FIG. 28 is a conceptual diagram illustrating a possible layout area FS1 of the marking MK on the cap outer peripheral surface 120f and a possible layout area FS2 of a parting line PL when the marking MK is located at one end of the possible layout area FS1 according to the second embodiment. In FIG. 28, components such as a fixing tab 120U2 and a second marking MK2 are omitted.

FIG. 29 is a conceptual diagram illustrating the possible layout area FS1 of the marking MK on the cap outer peripheral surface 120f and the possible layout area FS2 of the parting line PL when the marking MK is located at the other end of the possible layout area FS1 according to the second embodiment.

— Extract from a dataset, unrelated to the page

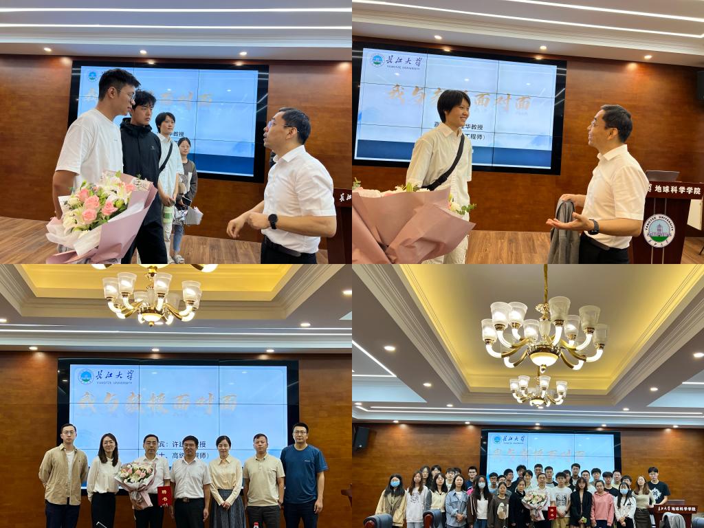 会议第二项,师生面对面交流答疑。2021级本科生刘汉清就报告中的专业知识向教授提问:“断层中的不整合对成藏有哪些作用?”“目前研究热点是什么?”。许教授逐一详细解答,同学们频频点头,现场掌声热烈。2021级研究生韩茂洲对于许老师分享中的软件颇感兴趣,师生就matlab、斯伦贝谢公司的Petrel model等国内外软件的发展差距、优劣势以及迭代情况等内容进行了提问和交流。

In FIG. 29, components such as the fixing tab 120U2 and the second marking MK2 are omitted.

In the foregoing first embodiment, the cap 120 is described to be configured so that the parting line PL and the rear end face M11s of the arrowhead part M1 are located at the same position. The cap 120 is also described to be configured so that the arrowhead part M1 comes to the front (the range corresponding to the possible layout area FS1) when the user grips the toner pack 100 in the thickness direction Z.

The second embodiment describes a configuration where the arrowhead part M1 comes to the front when the user grips the toner pack in the thickness direction Z, but the parting line PL and the rear end face M11s of the arrowhead part M1 are located at different positions.

In the second embodiment, the marking MK is formed to protrude from the outer peripheral surface 120f of the cap 120. In the present embodiment, the marking MK has a height (H) of 1.0 mm or less from the outer peripheral surface 120f. As a modification of the second embodiment, the marking MK may be formed to be recessed (inward in a radial direction r) from the outer peripheral surface 120f instead of being protruded.

Next, a positional relationship between the marking MK and the parting line PL according to the second embodiment will be described.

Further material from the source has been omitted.